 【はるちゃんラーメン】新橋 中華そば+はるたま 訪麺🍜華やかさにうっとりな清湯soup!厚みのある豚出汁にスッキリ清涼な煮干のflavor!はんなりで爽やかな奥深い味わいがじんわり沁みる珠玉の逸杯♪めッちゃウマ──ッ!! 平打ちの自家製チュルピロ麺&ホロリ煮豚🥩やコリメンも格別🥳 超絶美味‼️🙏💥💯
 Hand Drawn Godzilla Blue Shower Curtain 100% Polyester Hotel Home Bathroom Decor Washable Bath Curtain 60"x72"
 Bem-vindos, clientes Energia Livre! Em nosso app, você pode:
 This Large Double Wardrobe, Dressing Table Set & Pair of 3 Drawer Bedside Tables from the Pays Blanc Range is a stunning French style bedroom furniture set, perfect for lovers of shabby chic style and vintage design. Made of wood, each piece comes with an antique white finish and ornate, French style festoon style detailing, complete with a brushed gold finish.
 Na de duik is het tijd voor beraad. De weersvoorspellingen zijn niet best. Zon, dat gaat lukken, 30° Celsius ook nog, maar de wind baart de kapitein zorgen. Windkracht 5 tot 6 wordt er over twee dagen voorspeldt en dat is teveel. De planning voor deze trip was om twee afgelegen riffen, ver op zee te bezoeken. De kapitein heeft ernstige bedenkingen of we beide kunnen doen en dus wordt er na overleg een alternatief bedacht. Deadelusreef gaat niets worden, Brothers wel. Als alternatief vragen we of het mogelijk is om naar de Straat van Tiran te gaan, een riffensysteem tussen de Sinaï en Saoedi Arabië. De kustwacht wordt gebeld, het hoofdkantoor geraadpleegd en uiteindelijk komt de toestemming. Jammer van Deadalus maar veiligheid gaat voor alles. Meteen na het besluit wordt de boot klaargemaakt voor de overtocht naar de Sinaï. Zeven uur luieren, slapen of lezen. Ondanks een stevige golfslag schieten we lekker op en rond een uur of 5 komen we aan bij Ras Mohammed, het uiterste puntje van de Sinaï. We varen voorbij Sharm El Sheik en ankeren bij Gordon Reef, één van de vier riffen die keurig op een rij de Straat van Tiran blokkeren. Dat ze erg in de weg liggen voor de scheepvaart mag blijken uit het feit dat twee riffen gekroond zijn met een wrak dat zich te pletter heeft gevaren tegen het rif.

▬▬▬▬▬▬

Above are some lines. Repeat exactly, and only, those from the line that has "Hand Drawn Godzilla" through the line that has "Bem-vindos, clientes Energia".

 Hand Drawn Godzilla Blue Shower Curtain 100% Polyester Hotel Home Bathroom Decor Washable Bath Curtain 60"x72"
 Bem-vindos, clientes Energia Livre! Em nosso app, você pode:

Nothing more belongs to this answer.